Çatırdayan evin yanına vardığında at insanlarda biri, ormanın titrek ıhlamuru kadar yaşlı olan Canadam ile karşılaştı. Canadamın kahve derili yüzü bir ağacın gövdesini andırıyordu. Bir ağaç gibi devasa ve heybetliydi.
“Uzun bir süredir seni böyle renkşi görmemiştim!” dedi canadam hayretle cazı Aylensis e bakarak. Aylensis alımlı alımlı gülümsedi. Güzelliğinin dikkat çekiyor olması hoşuna gitmişti. Çatırdayan evi gören bir ağacın oyulmuş kovuğuna girdi ve çıkınını açtı. Çıkının içinden aldığı bir avuç tozu kovuğa üflediğinde kovuk genişledi ve bir ev haline geldi. Çıkının içindeki eşyaları yerleştirdi ve sepeti koluna takarak kovuğu bırakıp ormana doğru yürüdü. Karanlık basmadan toplaması gereken mantarlar ve otlar vardı.

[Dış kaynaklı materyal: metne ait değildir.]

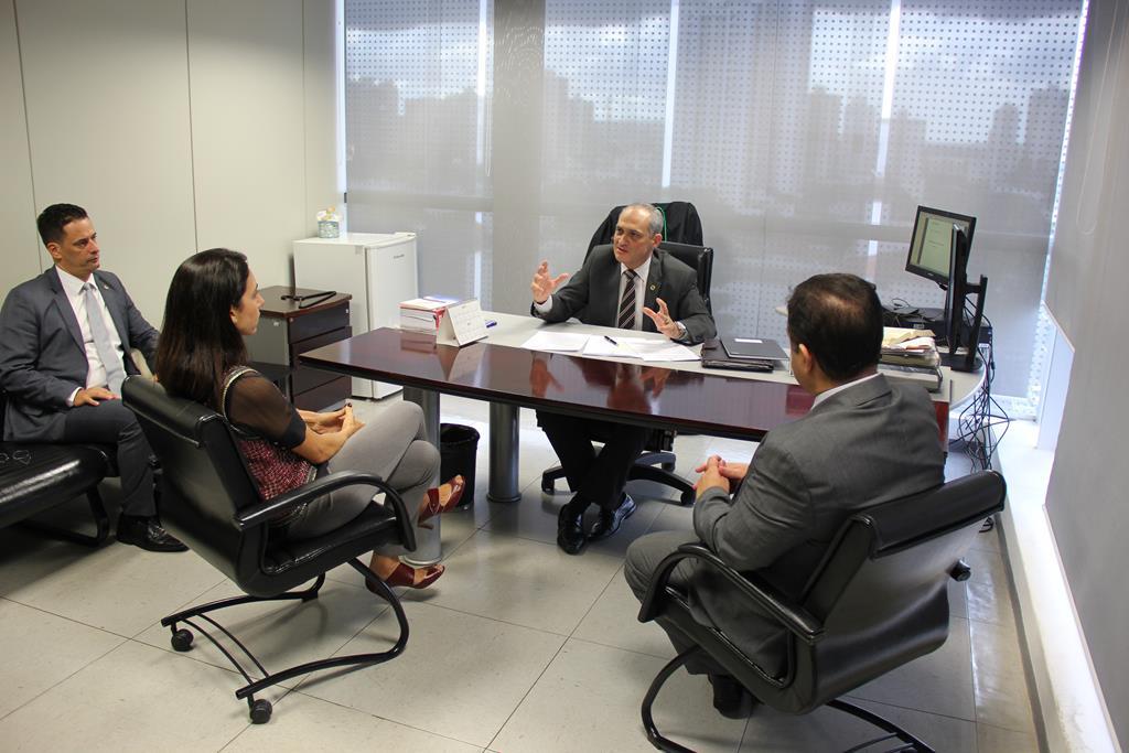 Desembargador-corregedor Paulo Pimenta e o diretor da Corregedoria Regional, Marcelo Marques, em conversa com os juízes Luiz Eduardo Paraguassu e Sara Lúcia

Aylensis genç ve çevik bedeni ile her zamankinden çok daha kısa sürede sepetini doldurmayı başardı. Karanlık çökerken kovuğun kenarında minik bir ateş yaktı, içeriyi tütsüledi ve kendisi için yaptığı yatağa uzandı. Diğer cazılar ve at adamlarla birlikte vadiyi koruyacaklardı. Karanlıklardaki ürpertiler herkesi ürkütüyordu. Gece yaratıkları ve gölgeler görülmeyeli asırlar olmuştu ve onları şimdiki şekilleri ile tanıyabilen pek kişi kalmamıştı artık. At adamlarla birlikte cazılar, çatırdayan evin yetim çocukları gelene kadar evi ve vadiyi korumaya devam ettiler.

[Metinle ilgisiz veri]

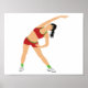 Esta design é de uma ginasta feminina fazendo seus warmups. O ginasta está vestindo um topo vermelho e um shorts e está fazendo alguns trechos. Este ginasta aquecendo a design parece excelente. Perfeito para si mesmo ou como presente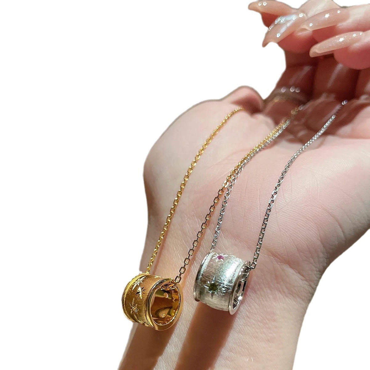 silver brushed hexagram necklace

Ürpertici yaratıklar karanlık olduğunda geliyorlardı. Vadi halkı barınaklarının kapılarını ve bacalarını sıkı sıkı koruyordu. Vadinin ortasından akan suyun başında bir cazı sürekli efsunlar okuyordu çünkü geceleri nehrin içerisinden yosunsu saçları ile çıkan yapış yapış tenlerini yer yer yosunların örttüğü kızlar ayak bastıkları yeri soğutup ürpertiyordu. Cazıların efsunlu sözleri onların nehirlerine girmesini engelliyordu. Ormanda ürpertici gölgeler ve ters ayaklı cüceler geceleri ortalıkta dolaşıyordu. Geceleri ateşleri koruyan ateş iyeleri artık hiç uyumuyorlardı çünkü ateşe gelen al yazmalı gece kadınları evlerin içine en daracık bir yarıktan bile olsa giriyor ve evlerdeki en masum canları, mini bebecikleri çalıyorlardı. Cazıların ve at insanların devriyesi bu tür canlılardan vadi halkını koruyabiliyordu. Ancak gece gündüz korumak bu yaratıklarla uğraşmak onları çok yormuş ve bitkin bir hale getirmişti.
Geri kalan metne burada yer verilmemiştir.